This dataset compares booking information for a city hotel and a resort hotel. It contains 119,390 rows and 32 columns, with 31,944 duplicate rows removed. The dataset includes information such as booking dates, length of stay, number of adults, children, and babies, and available parking spaces. Each column contains data of different types, such as integer, floating-point, or string values. It was observed that some columns had inaccurate data types, which were corrected later. The unique values for each column were also determined.

## ***2. Understanding Your Variables***

In [None]:
# Dataset Columns
df_column = hotel_booking.columns
df_column

In [None]:
# Dataset Describe
hotel_booking.describe()

### Variables Description 

The columns and the data it represents are listed below:

1)hotel : Name of the hotel (Resort Hotel or City Hotel)

2)is_canceled : If the booking was canceled (1) or not (0)

3)lead_time: Number of days before the actual arrival of the guests

4)arrival_date_year : Year of arrival date

5)arrival_date_month : Month of month arrival date

6)arrival_date_week_number : Week number of year for arrival date

7)arrival_date_day_of_month : Day of arrival date

8)stays_in_weekend_nights : Number of weekend nights (Saturday or Sunday) spent at the hotel by the guests.

9)stays_in_week_nights : Number of weeknights (Monday to Friday) spent at the hotel by the guests.

10)adults : Number of adults among guests

11)children : Number of children among guests

12)babies : Number of babies among guests

13)meal : Type of meal booked

14)country : Country of guests

15)market_segment : Designation of market segment

16)distribution_channel : Name of booking distribution channel

17)is_repeated_guest : If the booking was from a repeated guest (1) or not (0)

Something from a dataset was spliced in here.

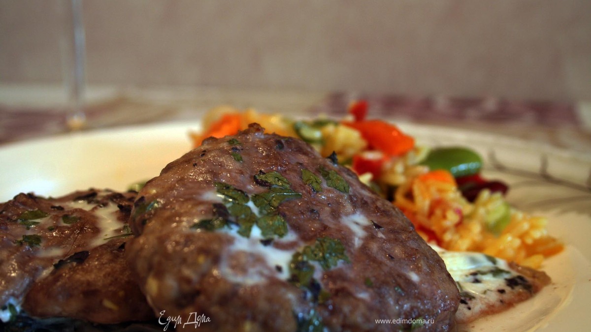 Яйцо и йогурт взбиваем венчиком, солим, добавляем петрушку и базилик. Поливаем соусом каждую котлетку. В оригинале соус не должен стечь, но у меня так не получилось. Наверное стоит йогурт взять погуще) Запекаем еще 10 минут.

18)previous_cancellations : Number of previous hotel_booking that were cancelled by the customer prior to the current booking

19)previous_hotel_booking_not_canceled : Number of previous hotel_booking not cancelled by the customer prior to the current booking

20)reserved_room_type : Code of room type reserved

21)assigned_room_type : Code of room type assigned

22)booking_changes : Number of changes/amendments made to the booking

23)deposit_type : Type of the deposit made by the guest

24)agent : ID of travel agent who made the booking

25)company : ID of the company that made the booking

26)days_in_waiting_list : Number of days the booking was in the waiting list

27)customer_type : Type of customer, assuming one of four categories

28)adr : Average Daily Rate, as defined by dividing the sum of all lodging transactions by the total number of staying nights

29)required_car_parking_spaces : Number of car parking spaces required by the customer

30)total_of_special_requests : Number of special requests made by the customer

31)reservation_status : Reservation status (Canceled, Check-Out or No-Show)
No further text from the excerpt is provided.